• Task item: Output the data below only from the line containing "你好,所有服务号都可以在功能" up to and including the line containing "Seng med madrass og hodegavl", exact and with the pictures left out.

• Materials provided:
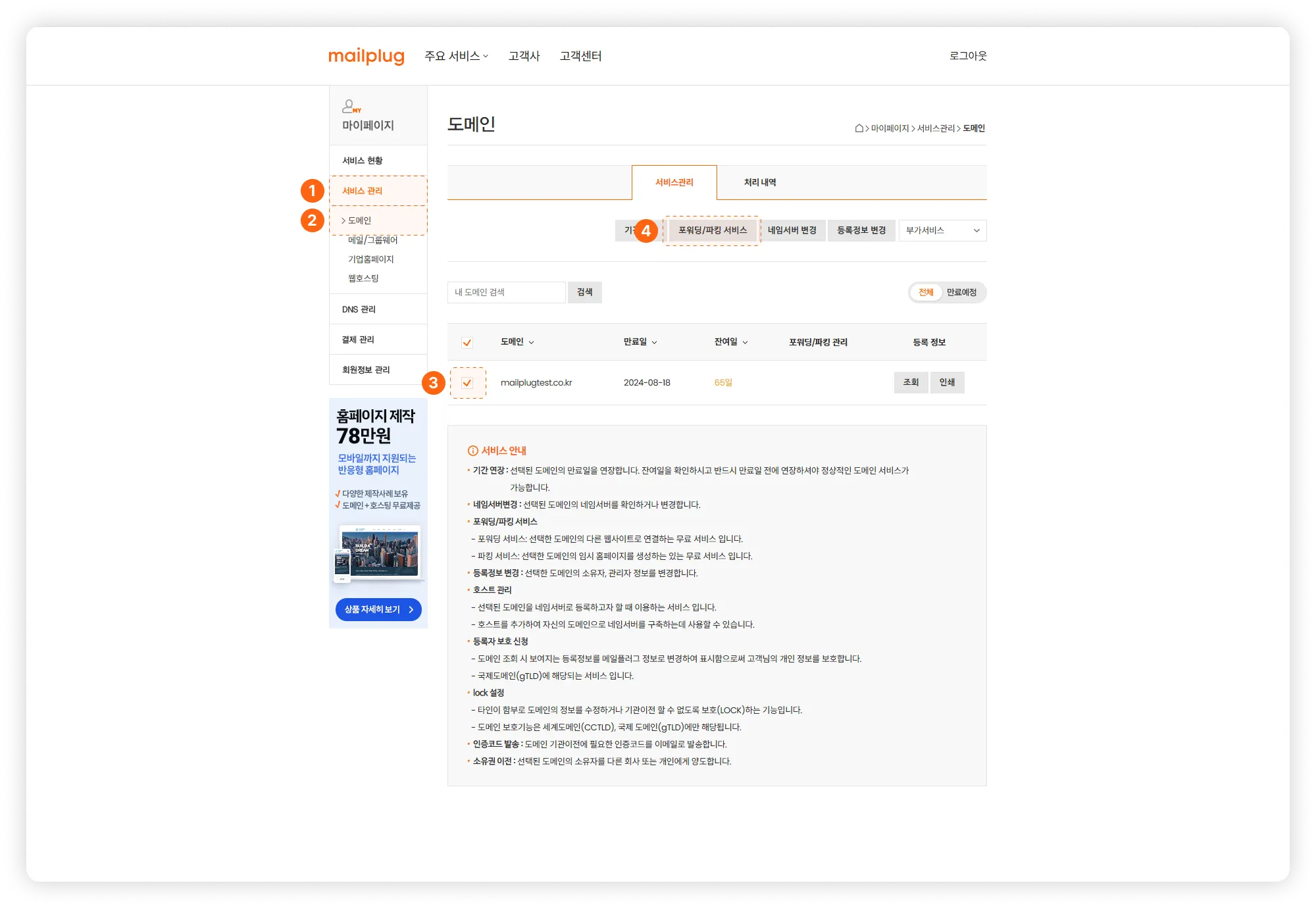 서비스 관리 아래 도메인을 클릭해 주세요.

--

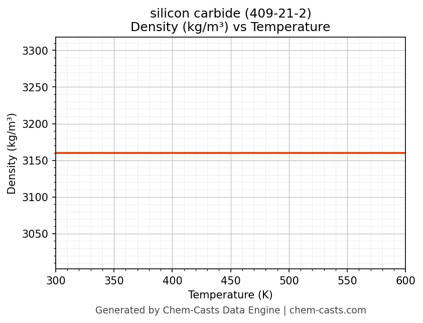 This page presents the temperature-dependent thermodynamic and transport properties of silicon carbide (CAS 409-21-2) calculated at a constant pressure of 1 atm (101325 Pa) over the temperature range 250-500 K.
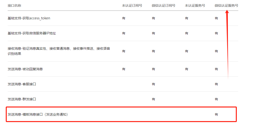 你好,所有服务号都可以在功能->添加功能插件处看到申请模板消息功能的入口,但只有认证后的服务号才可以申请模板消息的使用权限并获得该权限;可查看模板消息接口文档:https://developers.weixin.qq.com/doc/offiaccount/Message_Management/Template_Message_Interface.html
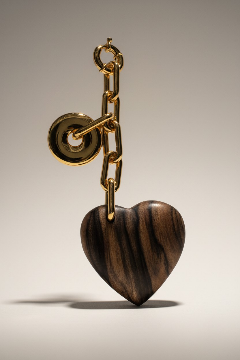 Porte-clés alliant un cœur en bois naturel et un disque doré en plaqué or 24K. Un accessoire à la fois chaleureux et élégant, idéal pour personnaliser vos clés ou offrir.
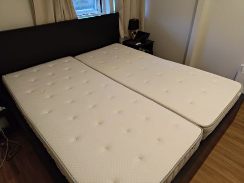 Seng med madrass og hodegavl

• Reply:
 你好,所有服务号都可以在功能->添加功能插件处看到申请模板消息功能的入口,但只有认证后的服务号才可以申请模板消息的使用权限并获得该权限;可查看模板消息接口文档:https://developers.weixin.qq.com/doc/offiaccount/Message_Management/Template_Message_Interface.html
 Porte-clés alliant un cœur en bois naturel et un disque doré en plaqué or 24K. Un accessoire à la fois chaleureux et élégant, idéal pour personnaliser vos clés ou offrir.
 Seng med madrass og hodegavl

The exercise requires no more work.